▶ **Exercise instructions**
Look through the entries below and extract exactly the lines from the one containing "10pcs Set of" through the one containing "Female Death Registration: Year: 1973", ends included.

▶ **Records to process**
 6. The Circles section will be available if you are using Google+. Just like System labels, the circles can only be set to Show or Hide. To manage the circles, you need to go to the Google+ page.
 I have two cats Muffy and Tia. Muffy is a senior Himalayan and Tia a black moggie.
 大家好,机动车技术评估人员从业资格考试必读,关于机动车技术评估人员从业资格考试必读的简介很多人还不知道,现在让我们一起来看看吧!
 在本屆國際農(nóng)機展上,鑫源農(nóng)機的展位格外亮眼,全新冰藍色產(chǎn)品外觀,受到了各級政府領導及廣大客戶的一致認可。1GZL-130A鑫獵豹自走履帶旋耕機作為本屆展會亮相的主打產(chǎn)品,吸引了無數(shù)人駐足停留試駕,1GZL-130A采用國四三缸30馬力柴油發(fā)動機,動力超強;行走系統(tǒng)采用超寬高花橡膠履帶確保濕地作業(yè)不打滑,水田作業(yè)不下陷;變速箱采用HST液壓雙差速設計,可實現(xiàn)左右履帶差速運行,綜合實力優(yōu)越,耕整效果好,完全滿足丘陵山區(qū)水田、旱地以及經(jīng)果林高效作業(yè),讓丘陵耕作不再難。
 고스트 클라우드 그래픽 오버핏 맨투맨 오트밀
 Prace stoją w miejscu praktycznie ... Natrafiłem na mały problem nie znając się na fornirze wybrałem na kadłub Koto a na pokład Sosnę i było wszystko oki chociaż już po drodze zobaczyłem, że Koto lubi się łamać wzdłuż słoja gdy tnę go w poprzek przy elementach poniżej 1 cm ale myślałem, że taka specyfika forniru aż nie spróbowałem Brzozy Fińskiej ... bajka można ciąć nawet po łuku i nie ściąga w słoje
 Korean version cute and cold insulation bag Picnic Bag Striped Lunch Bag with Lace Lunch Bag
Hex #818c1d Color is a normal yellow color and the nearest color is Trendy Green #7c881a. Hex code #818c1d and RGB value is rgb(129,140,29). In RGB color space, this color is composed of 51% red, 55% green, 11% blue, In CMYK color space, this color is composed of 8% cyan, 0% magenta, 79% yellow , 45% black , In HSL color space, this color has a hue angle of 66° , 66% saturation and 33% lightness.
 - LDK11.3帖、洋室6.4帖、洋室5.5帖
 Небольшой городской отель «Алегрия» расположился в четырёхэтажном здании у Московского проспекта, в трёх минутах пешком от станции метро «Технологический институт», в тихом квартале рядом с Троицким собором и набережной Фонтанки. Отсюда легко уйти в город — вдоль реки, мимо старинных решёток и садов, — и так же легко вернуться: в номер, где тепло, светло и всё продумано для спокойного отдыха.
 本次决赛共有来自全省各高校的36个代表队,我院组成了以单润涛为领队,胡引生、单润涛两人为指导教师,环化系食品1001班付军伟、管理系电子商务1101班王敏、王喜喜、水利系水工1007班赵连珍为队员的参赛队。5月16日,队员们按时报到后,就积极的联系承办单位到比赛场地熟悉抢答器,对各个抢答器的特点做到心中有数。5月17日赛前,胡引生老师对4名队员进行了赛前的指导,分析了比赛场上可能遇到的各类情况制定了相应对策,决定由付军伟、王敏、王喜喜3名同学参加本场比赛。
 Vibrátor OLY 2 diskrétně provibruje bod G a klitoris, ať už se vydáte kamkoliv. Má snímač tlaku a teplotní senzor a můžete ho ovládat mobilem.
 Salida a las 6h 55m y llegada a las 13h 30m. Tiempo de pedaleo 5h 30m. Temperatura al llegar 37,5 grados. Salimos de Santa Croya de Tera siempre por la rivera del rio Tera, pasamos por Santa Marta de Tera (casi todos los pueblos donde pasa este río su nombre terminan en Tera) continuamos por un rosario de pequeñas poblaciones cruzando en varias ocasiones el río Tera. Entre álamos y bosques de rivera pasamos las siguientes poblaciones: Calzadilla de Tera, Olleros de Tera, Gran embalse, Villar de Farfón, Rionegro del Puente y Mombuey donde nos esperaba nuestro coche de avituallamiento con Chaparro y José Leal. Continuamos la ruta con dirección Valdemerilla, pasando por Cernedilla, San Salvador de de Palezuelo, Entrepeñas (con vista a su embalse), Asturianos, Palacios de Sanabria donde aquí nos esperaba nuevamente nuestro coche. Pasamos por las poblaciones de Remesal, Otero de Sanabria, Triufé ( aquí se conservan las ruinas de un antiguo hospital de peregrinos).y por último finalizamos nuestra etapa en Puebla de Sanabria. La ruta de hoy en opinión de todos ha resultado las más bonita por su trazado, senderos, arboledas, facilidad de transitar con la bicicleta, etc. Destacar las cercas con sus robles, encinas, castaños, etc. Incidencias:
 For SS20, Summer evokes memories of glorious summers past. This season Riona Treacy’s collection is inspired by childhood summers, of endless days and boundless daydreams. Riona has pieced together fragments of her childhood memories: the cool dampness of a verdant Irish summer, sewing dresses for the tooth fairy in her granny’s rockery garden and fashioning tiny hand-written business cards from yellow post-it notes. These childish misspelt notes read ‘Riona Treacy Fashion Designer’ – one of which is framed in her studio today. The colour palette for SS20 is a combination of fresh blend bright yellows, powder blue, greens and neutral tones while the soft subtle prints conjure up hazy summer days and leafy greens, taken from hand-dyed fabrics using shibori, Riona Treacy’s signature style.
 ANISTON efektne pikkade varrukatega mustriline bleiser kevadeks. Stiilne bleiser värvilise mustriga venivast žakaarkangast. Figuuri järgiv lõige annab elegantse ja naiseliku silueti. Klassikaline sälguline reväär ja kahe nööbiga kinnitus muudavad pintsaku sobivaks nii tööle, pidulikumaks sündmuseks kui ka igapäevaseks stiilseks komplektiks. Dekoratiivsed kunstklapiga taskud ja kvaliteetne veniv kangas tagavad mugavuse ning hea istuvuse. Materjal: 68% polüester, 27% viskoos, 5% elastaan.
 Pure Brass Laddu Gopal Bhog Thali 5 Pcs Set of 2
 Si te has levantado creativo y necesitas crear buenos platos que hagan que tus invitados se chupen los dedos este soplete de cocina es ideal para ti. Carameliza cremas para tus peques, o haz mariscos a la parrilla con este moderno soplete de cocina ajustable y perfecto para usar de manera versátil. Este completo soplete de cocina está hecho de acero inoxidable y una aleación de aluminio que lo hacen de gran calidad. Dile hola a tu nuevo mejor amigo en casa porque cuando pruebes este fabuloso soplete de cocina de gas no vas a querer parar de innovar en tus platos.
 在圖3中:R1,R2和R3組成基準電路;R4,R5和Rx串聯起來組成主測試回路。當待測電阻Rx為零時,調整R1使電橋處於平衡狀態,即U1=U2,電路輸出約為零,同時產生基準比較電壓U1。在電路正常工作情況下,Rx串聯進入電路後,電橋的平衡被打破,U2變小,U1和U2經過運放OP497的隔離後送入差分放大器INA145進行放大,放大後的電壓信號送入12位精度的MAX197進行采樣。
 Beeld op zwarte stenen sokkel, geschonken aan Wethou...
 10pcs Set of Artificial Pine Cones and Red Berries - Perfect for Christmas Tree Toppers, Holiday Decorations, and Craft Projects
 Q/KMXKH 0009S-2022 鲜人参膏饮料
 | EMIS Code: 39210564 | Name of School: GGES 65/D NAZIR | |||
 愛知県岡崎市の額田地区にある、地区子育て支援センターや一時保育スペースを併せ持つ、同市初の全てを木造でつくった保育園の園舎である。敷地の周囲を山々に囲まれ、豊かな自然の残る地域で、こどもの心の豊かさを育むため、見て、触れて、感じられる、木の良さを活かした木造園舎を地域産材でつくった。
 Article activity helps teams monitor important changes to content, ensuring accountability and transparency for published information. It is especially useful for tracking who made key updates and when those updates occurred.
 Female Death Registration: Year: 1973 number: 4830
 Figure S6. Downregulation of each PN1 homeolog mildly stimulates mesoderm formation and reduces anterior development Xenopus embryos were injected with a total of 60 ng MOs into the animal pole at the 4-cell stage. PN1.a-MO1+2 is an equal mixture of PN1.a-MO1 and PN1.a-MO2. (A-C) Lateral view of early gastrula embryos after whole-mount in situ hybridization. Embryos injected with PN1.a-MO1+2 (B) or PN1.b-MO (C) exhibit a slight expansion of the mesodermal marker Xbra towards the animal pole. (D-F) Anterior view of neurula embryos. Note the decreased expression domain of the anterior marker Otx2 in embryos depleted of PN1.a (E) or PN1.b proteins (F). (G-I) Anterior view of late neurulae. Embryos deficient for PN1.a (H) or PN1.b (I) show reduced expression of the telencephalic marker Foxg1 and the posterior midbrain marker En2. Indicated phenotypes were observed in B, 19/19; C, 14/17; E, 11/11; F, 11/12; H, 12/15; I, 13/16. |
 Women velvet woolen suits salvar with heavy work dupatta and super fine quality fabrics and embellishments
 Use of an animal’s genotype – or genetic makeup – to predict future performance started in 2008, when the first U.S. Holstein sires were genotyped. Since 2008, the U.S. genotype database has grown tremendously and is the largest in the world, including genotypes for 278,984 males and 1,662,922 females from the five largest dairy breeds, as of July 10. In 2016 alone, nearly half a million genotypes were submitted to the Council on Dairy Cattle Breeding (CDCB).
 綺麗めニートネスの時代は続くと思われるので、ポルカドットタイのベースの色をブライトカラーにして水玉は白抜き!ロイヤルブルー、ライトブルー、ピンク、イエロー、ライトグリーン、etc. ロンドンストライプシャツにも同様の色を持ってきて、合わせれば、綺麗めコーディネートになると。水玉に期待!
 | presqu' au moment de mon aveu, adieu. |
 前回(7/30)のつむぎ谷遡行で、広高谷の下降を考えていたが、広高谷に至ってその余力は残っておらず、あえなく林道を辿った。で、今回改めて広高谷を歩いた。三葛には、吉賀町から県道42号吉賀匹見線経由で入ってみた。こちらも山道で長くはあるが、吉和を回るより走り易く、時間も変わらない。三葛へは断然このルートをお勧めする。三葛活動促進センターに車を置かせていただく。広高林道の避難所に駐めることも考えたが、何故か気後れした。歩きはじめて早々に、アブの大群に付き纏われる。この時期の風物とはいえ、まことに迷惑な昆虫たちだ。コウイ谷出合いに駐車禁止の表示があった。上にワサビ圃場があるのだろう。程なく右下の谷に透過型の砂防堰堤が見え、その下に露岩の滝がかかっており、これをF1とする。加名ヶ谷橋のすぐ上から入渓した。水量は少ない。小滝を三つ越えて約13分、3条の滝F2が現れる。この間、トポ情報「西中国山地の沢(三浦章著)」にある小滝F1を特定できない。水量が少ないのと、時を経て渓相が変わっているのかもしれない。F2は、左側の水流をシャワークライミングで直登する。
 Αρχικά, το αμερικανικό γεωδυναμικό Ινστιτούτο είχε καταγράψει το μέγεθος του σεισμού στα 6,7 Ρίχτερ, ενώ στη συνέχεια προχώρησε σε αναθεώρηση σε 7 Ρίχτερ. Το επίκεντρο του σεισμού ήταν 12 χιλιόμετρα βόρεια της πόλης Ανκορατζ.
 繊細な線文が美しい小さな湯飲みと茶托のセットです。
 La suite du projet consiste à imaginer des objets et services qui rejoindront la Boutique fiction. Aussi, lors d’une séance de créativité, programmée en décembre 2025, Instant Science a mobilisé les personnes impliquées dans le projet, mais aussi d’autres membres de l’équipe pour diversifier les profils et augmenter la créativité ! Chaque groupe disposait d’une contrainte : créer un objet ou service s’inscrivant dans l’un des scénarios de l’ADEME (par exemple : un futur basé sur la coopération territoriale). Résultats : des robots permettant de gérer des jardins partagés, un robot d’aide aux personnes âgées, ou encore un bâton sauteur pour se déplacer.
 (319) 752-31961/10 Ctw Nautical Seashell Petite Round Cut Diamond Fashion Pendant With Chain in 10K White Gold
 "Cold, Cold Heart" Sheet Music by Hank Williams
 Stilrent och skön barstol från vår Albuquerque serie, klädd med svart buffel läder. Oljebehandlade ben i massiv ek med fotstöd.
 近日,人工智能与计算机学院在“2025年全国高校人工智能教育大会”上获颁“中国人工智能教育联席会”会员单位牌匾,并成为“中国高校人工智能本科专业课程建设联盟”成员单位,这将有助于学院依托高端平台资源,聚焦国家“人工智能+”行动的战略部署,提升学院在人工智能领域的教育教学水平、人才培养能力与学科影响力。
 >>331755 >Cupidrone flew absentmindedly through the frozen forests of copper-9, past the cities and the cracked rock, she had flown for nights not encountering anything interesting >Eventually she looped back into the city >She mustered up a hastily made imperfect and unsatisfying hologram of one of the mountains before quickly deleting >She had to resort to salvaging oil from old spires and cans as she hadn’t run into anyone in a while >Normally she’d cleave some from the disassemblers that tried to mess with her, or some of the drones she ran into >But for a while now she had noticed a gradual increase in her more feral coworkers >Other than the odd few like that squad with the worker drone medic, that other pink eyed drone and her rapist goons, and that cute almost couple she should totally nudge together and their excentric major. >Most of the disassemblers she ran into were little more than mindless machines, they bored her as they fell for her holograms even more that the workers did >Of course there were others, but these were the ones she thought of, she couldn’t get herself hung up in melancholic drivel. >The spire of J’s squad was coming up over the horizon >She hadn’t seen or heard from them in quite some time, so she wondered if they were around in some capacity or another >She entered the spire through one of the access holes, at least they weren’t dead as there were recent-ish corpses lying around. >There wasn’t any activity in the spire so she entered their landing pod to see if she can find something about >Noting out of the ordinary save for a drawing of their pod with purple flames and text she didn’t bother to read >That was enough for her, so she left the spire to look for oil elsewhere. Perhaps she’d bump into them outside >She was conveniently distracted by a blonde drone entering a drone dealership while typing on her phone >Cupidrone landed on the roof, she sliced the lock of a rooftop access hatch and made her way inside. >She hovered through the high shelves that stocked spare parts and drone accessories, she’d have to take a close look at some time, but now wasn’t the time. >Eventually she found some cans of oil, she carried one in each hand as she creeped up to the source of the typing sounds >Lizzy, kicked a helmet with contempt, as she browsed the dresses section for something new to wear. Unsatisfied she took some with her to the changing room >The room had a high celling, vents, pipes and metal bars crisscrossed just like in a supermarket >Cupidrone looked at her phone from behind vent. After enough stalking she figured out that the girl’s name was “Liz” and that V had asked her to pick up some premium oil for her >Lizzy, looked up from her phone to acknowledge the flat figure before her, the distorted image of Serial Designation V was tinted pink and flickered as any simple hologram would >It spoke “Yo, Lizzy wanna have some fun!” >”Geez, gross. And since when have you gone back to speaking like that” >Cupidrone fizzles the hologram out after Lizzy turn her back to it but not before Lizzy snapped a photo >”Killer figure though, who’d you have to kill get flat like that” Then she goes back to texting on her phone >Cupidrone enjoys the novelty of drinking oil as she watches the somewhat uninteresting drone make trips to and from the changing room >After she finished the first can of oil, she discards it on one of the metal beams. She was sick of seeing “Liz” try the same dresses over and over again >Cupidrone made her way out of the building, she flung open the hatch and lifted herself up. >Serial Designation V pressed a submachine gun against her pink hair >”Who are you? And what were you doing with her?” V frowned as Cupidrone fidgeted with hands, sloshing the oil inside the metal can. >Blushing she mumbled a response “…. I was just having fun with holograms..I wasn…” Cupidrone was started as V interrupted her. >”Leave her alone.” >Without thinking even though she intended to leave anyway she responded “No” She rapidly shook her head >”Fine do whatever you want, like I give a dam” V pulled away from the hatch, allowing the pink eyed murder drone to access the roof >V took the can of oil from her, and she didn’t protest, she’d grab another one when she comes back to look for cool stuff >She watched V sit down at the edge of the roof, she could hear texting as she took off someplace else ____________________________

▶ **Answer space**
 10pcs Set of Artificial Pine Cones and Red Berries - Perfect for Christmas Tree Toppers, Holiday Decorations, and Craft Projects
 Q/KMXKH 0009S-2022 鲜人参膏饮料
 | EMIS Code: 39210564 | Name of School: GGES 65/D NAZIR | |||
 愛知県岡崎市の額田地区にある、地区子育て支援センターや一時保育スペースを併せ持つ、同市初の全てを木造でつくった保育園の園舎である。敷地の周囲を山々に囲まれ、豊かな自然の残る地域で、こどもの心の豊かさを育むため、見て、触れて、感じられる、木の良さを活かした木造園舎を地域産材でつくった。
 Article activity helps teams monitor important changes to content, ensuring accountability and transparency for published information. It is especially useful for tracking who made key updates and when those updates occurred.
 Female Death Registration: Year: 1973 number: 4830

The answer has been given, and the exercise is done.